"The Secret Behind Love." adalah sebuah cerita tentang pengkhianatan, penemuan diri, dan pilihan yang sulit dalam sebuah hubungan. Ini adalah kisah yang menggugah tentang bagaimana seorang wanita yang bernama karuna yang mencari cara untuk bangkit dari keterpurukan nya, mencari jalan menuju kebahagiaan sejati, dan menemukan kembali kepercayaannya yang hilang.

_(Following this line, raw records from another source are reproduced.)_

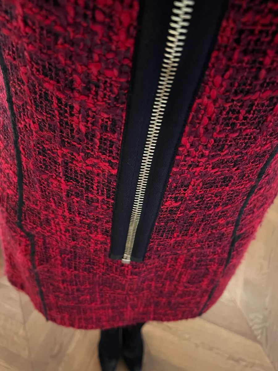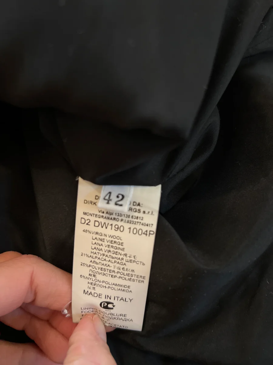 Très bon état général Jupe et Veste Marque : Dirk Bikkembergs Taille 44 IT (correspond à une taille 36-38) Laine, Alpaga,Polyester et Nylon. Pour la longueur, je mesure 1m71 Prix d’achat estimé neuf 145€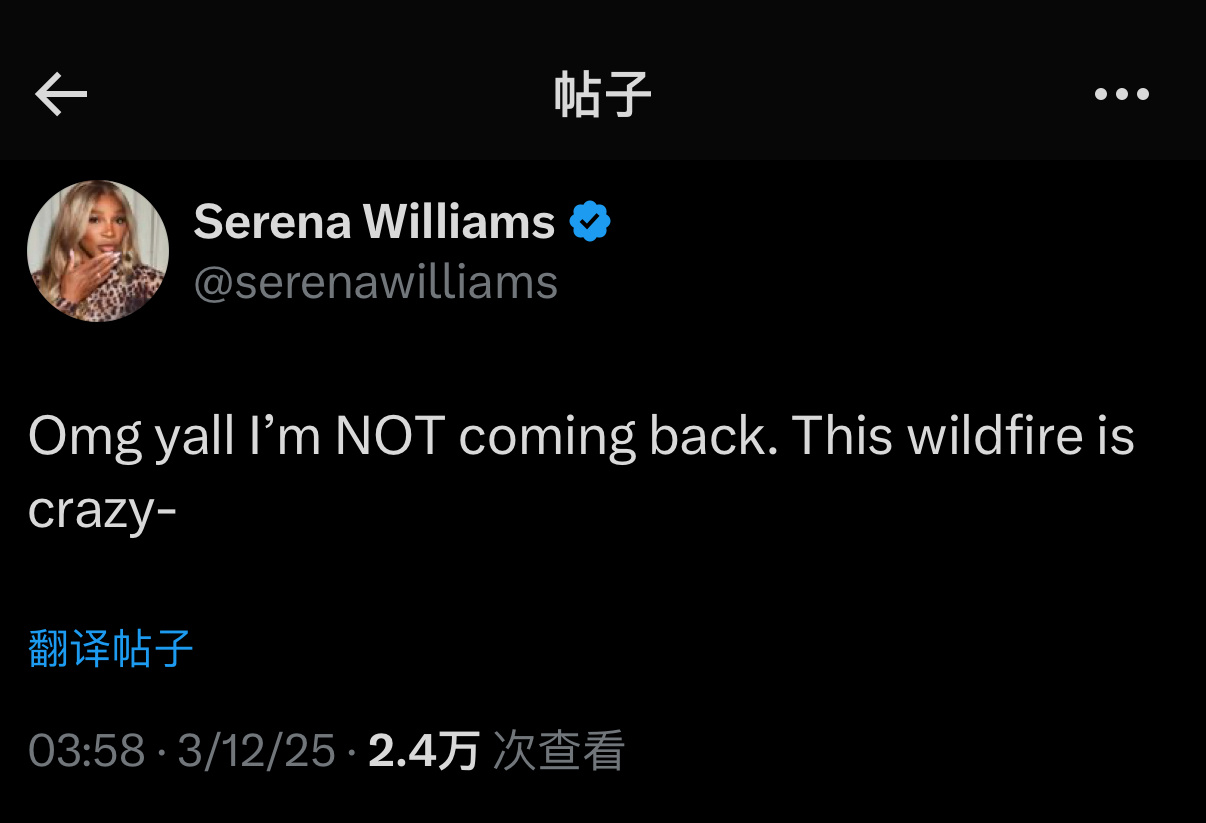 外媒发现,小威的名字突然出现在了ITIA公布的网球反兴奋剂检测名单中,这是参加正式比赛的必要条件。于是各家纷纷猜测,这位23届大满贯单打冠军得主可能在2026年重返职业网坛。眼见舆论越来越逼真,小威本人赶紧下场声明:我不会复出的 小威辟谣复出传闻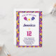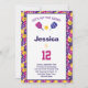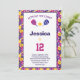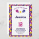 Invitation à la fête d'anniversaire de Pickleball rose néon, violet, jaune, blanc. Entièrement personnalisable. Avec carte RSVP à l'arrière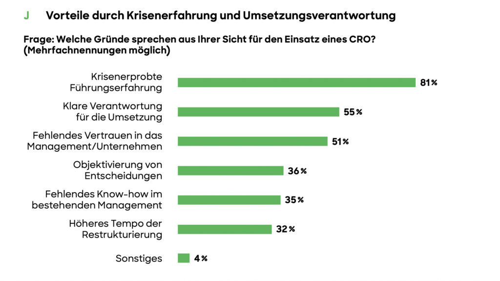 Als Hauptvorteil nennen 81 Prozent, dass der CRO krisenerprobte Führungserfahrung ins Unternehmen bringt und damit das Wissen, welche Schritte in der Ausnahmesituation einer Restrukturierung wann und wie anzugehen sind.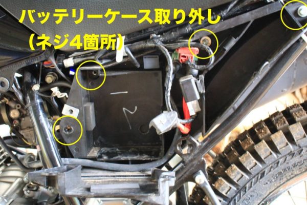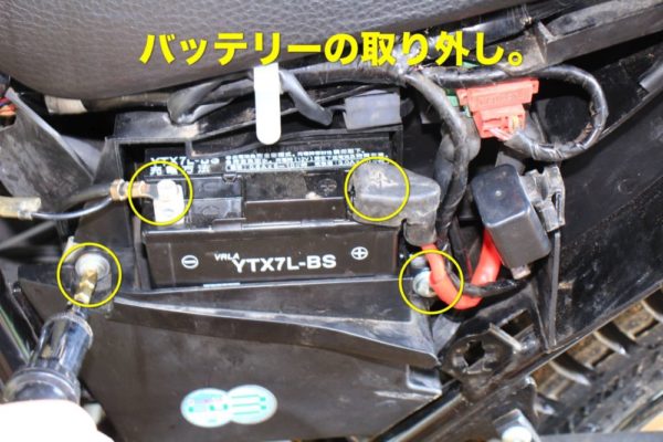 左サイドカバーを取り外し、バッテリーを取り外します。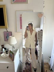 Loved the chance to try this trend. Paired these with jeans and a cream tank and heeled boots. The shoulders felt a little big. Not personally crazy about a sleeveless top so it's sort of on me, but it was a fun trendy item that I got out of my system lol.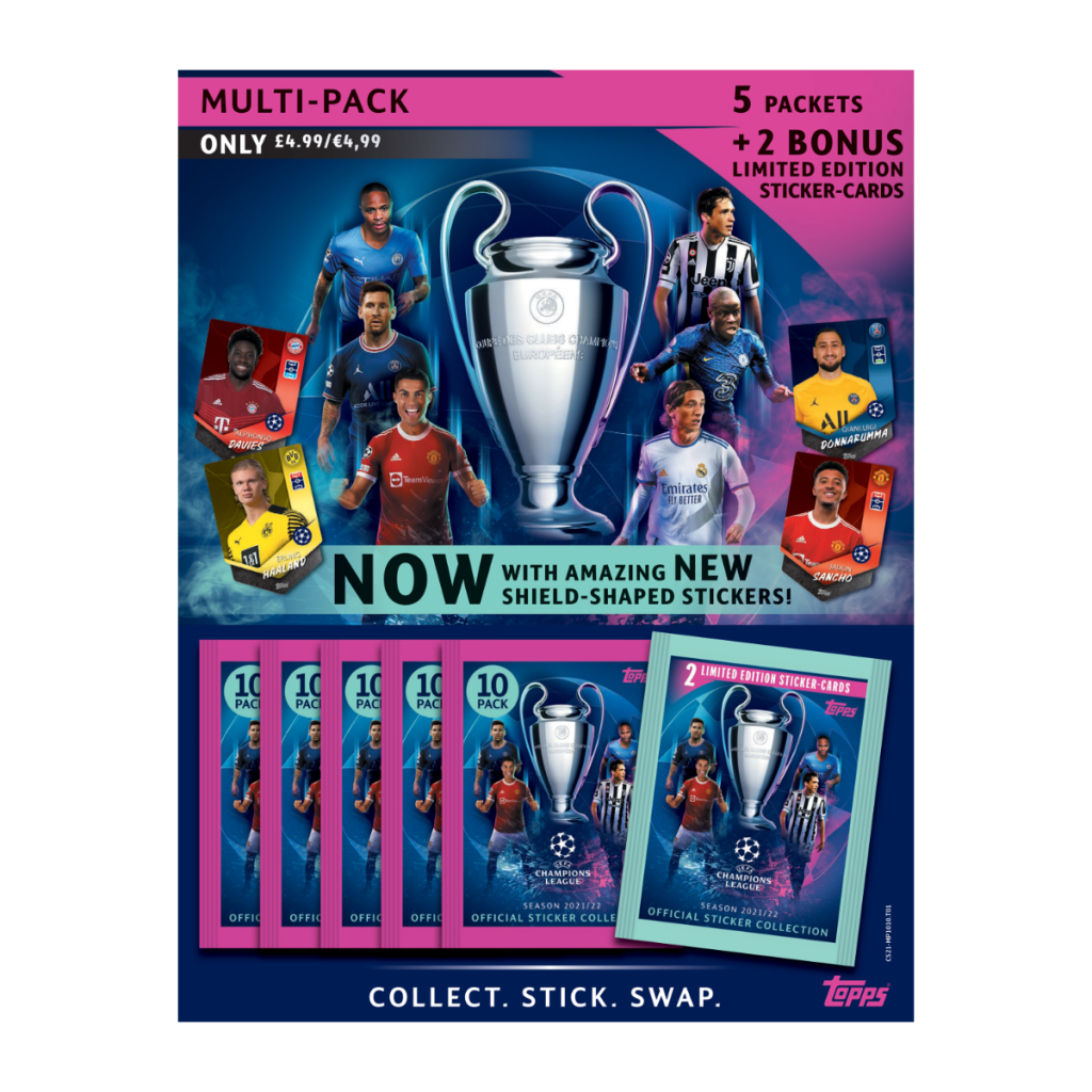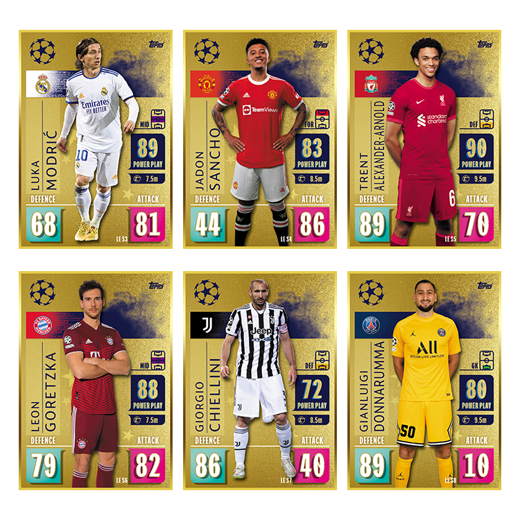 Le multi-pack contient 2 cartes-stickers SUPERSTAR en édition limitée aléatoires parmi 6 modèles LE S3. Luka Modric LE S4. Jadon Sancho LE S5. Trent Alexander-Arnold LE S6. Leon Goretzka LE S7. Giorgio Chiellini LE S8. Gianluigi Donnarumma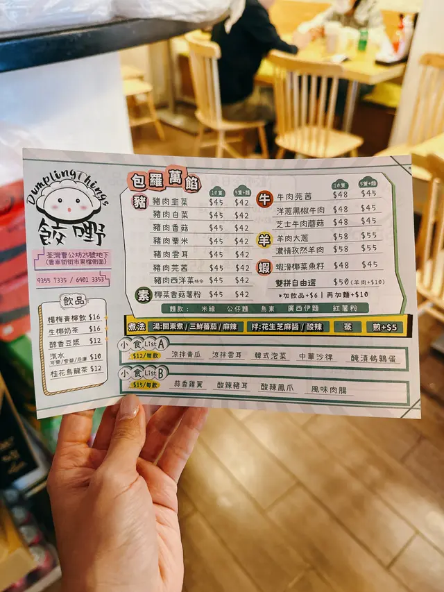 齋睇餐牌,餃子款式正常,但水餃皮好厚,湯水餃又煮唔熟,嘢食一放上枱,未熟嘅面粉皮清晰可見,隻隻都煮到穿左未食已漏汗,但啲皮都係未熟嘅,基本上唔會再試。但地方尚算乾淨。查看更多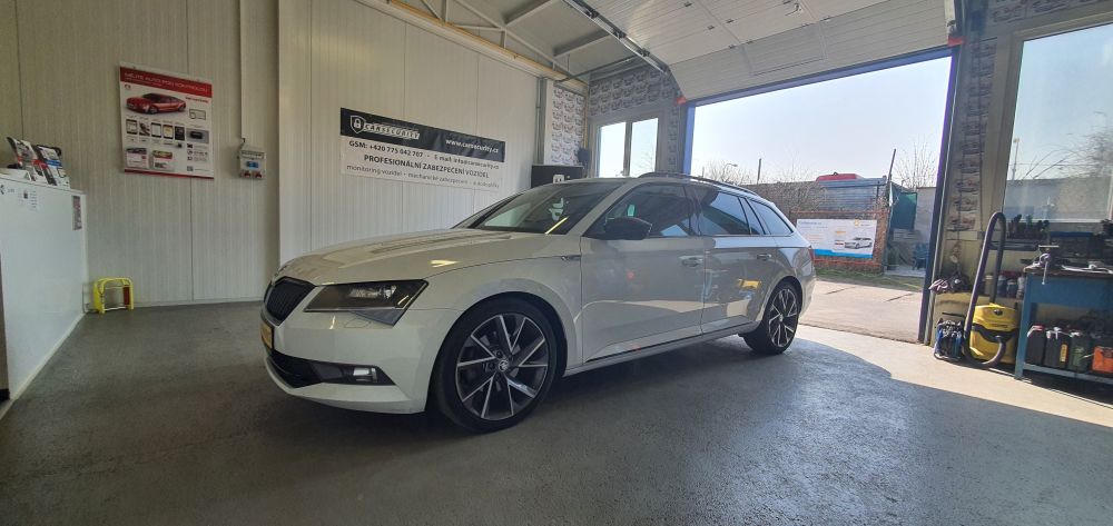 Škoda Superb III montáž autoalarmu GSM/GPS Jablotron CA-2103 s připojením na PCO.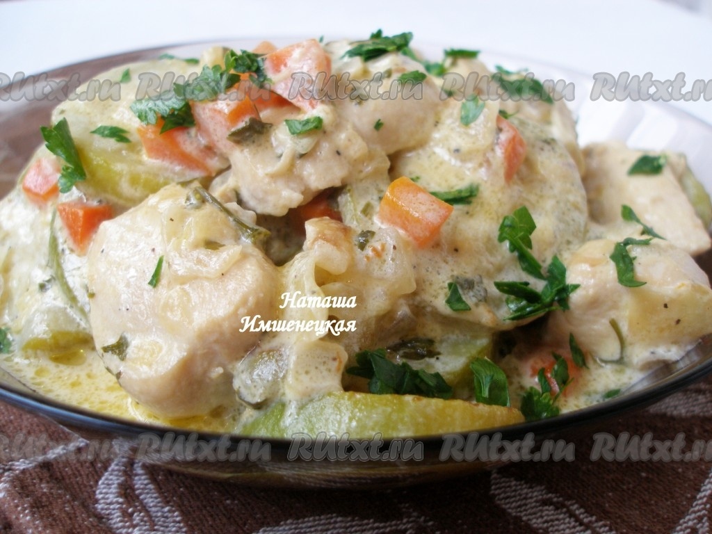 Выкладываем в сметанный соус куриное филе с кабачками, солим и перчим по вкусу, перемешиваем и тушим на медленном огне в течение 20-25 минут до готовности куриного филе.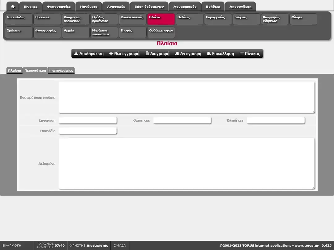 Ο πίνακας πλαισίων περιλαμβάνει εγγραφές που αποθηκεύουν περιεχόμενο (τίτλους, κείμενα, συνδέσμους, φωτογραφίες) που εμφανίζονται ομαδοποιημένα σε μια ή περισσότερες ιστοσελίδες του site ως πρόσθετο περιεχόμενο.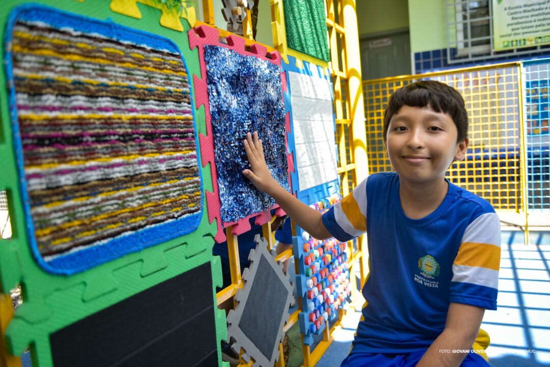 A Escola Municipal Palmira de Castro Machado inaugurou um espaço especial para estimular os cinco sentidos das crianças. Foto: Giovani Oliveira/PMBV

Semenjak perceraian dengan suaminya, hidup karuna penuh dengan cobaan, tapi siapa sangka? seseorang pria dari masa lalu karuna muncul kembali kedalam hidupnya bersamaan setelah itu juga seorang yang di cintai nya datang kembali.
Dan apakah Karuna bisa memilih pilihan nya? apakah karuna bisa mengendalikan perasaan nya?
Karya ini diterbitkan atas izin NovelToon jhnafzzz, isi konten hanyalah pandangan pribadi pembuatnya, tidak mewakili NovelToon sendiri
Bab 5. Merah di pipi?
Karuna masih duduk di sofa, tubuhnya terasa berat, seolah seluruh dunia menindihnya. Air matanya tidak berhenti mengalir, tetapi ia tidak peduli lagi. Segala kebahagiaan yang dulu ia rasakan seolah lenyap begitu saja. Hatinya hancur, dan setiap kali ia mencoba menarik napas dalam-dalam, rasa sesak di dadanya semakin kuat.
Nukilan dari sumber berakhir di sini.